Optimized Compressive Crushing with respect to Energy Consumption, Pressure and Multiple Product Yield
Paper i proceeding, 2009
The mining and aggregates industries are essential for the development and continuous prosperity of today’s societies. However, in spite of the maturities of these industries, real-time optimized control of crusher settings is still rarely applied, and crusher design is still solely based on long term experience and simplistic design criteria. In an age of growing eco-efficiency, focus and effort must be directed towards improving the performance and efficiency of existing crushers.
Finding the best way in going about solving a complex problem is far from always being simple and straight-forward. In situations when the solutions become of such high complexity that simple mind-work cannot handle the solution, computer-assisted evaluation, i.e. optimization, is needed.
In the present study, theoretical energy optimizations, as well as pressure minimizations, and yield optimizations with multiple target products are performed. Obtained results in terms of crushing sequences, consisting of different number of compressions and compression ratios, indicate how different rock materials should be crushed to minimize the energy consumption, while maximizing the product yield, or to decrease the wear in crushers through pressure minimization.
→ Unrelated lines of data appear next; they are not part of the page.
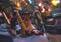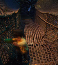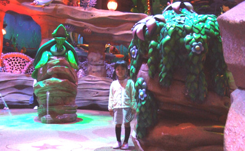 海草の迷路や、宝探しをしながら洞窟を探検するアトラクションです。 ロープや網のはしごを渡ったり、水の飛び交う広場があったりと、東京ディズニーシーならではのコーナーで子供には人気でしたが、少々暗いので(活発な子供だったら)スグに見失ってしまうようなところです(※勿論、迷子になるわけではありません)。 |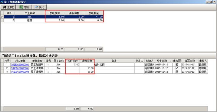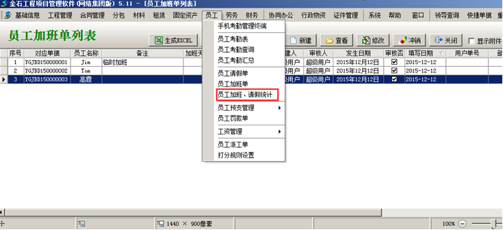 員工加班請假統(tǒng)計情況可在工程管理軟件中進行查詢,如圖: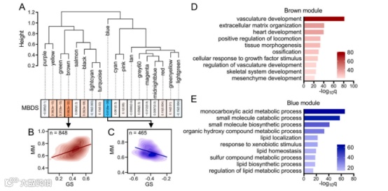 图6. 不同MBDS水平的HCC样本中观察到不同的生物学功能。(A) 基于359例TCGA HCC样本转录组数据及其对应MBDS值进行WGCNA分析。(B) 含848个基因的棕色模块与MBDS呈正相关,(C) 而含465个基因的蓝色模块则与MBDS呈负相关。(D-E) GO富集分析。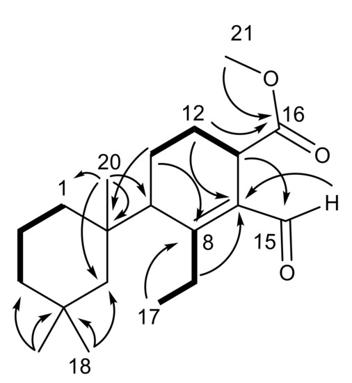 - Diaz-Marrero, A.R.; Dorta, E.; Cueto, M.; San-Martin, A.; Darias, J. Conformational analysis and absolute stereochemistry of ′spongian′-related metabolites. Tetrahedron 2004, 60, 1073–1078. [Google Scholar] [CrossRef]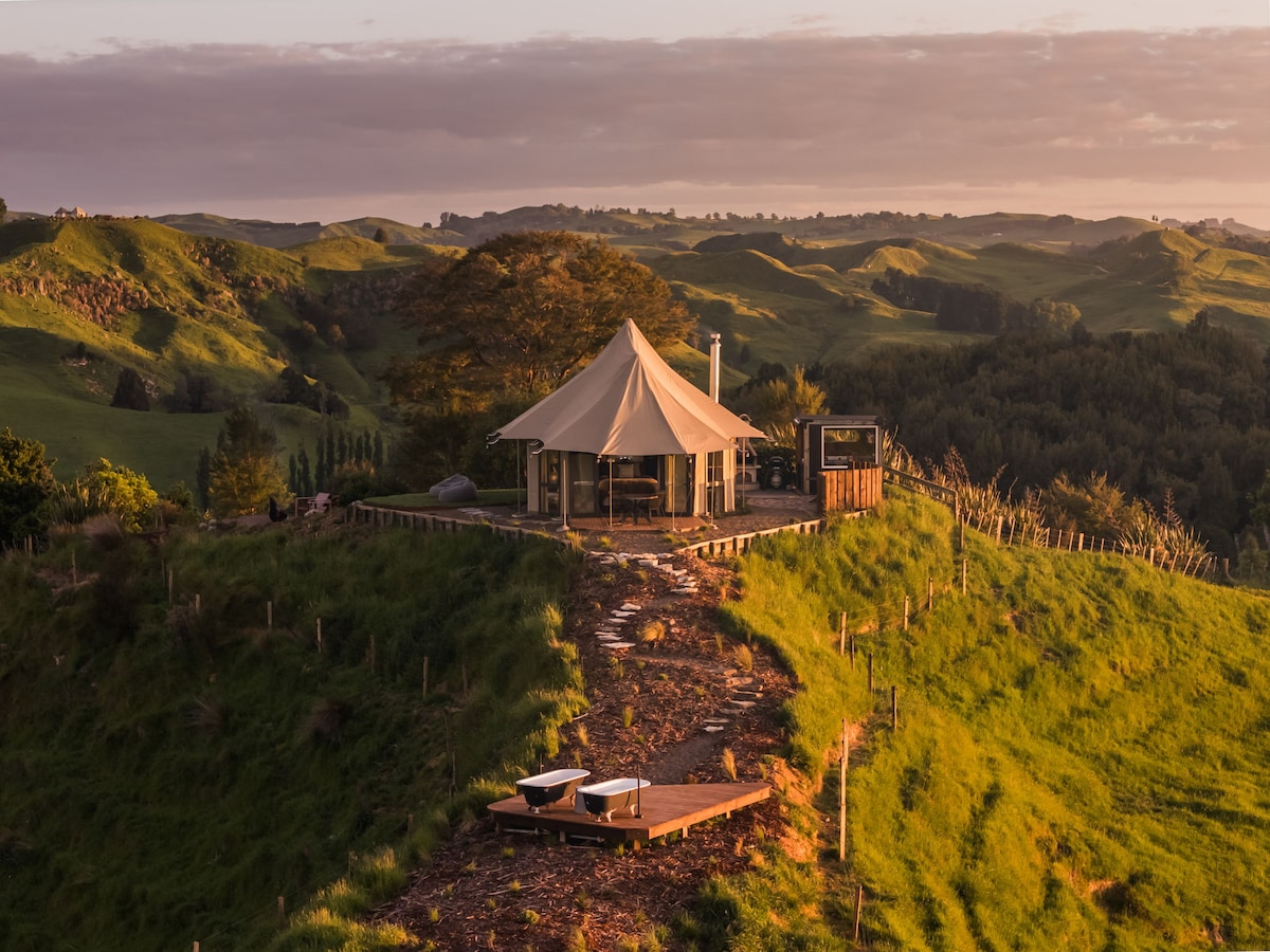 Experience a relaxing Raglan getaway - glamping style! Treat yourself to time in our luxurious tent, with all the amenities you need to relax and unwind. A private space to sit back & sip a glass of wine while toasting marshmallows around the fire pit, before enjoying a relaxing spa under the stars. Set on a peaceful rural farm with friendly alpacas nearby, only 8 minutes drive from Raglan township. Leave feeling reconnected & refreshed after a break away from your busy everyday life.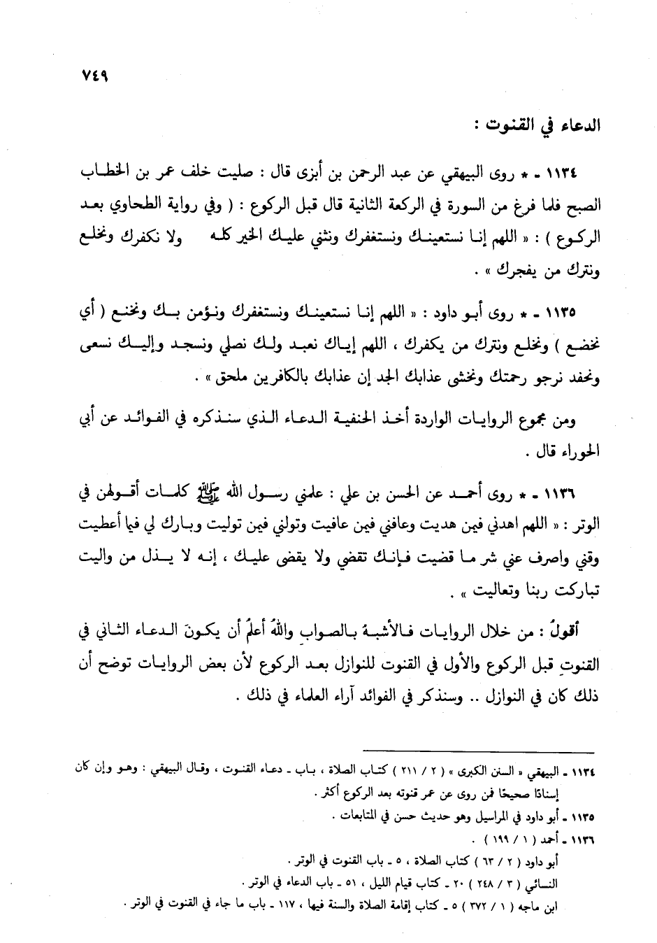 1134 - * روى البيهقي عن عبد الرحمن بن أبزى قال: صليت خلف عمر بن الخطاب الصبح فلما فرغ من السورة في الركعة الثانية قال قبل الركوع: (وفي رواية الطحاوي بعد الركوع): "اللهم إنا نستعينك ونستغفرك ونثني عليك الخير كله ولا نكفرك ونخلع ونترك من يفجرك".

The presented optimizations are performed using genetic evolutionary algorithms (GEA or GA). Breakage models, calibrated by laboratory scale breakage characterization tests, are relied upon for the predictions of particle size distributions, which in turns enable the computerized optimization to find the theoretically optimal crushing sequence under the given circumstances. Studies have shown that optimization results are directly dependent on the formulation of the fitness functions used in the GA evaluation process (Lee and Evertsson, 2008 and Hulthén et al., 2006). The aim of the present study is therefore to further the knowledge of optimal fragmentation through different formulations of GA fitness functions.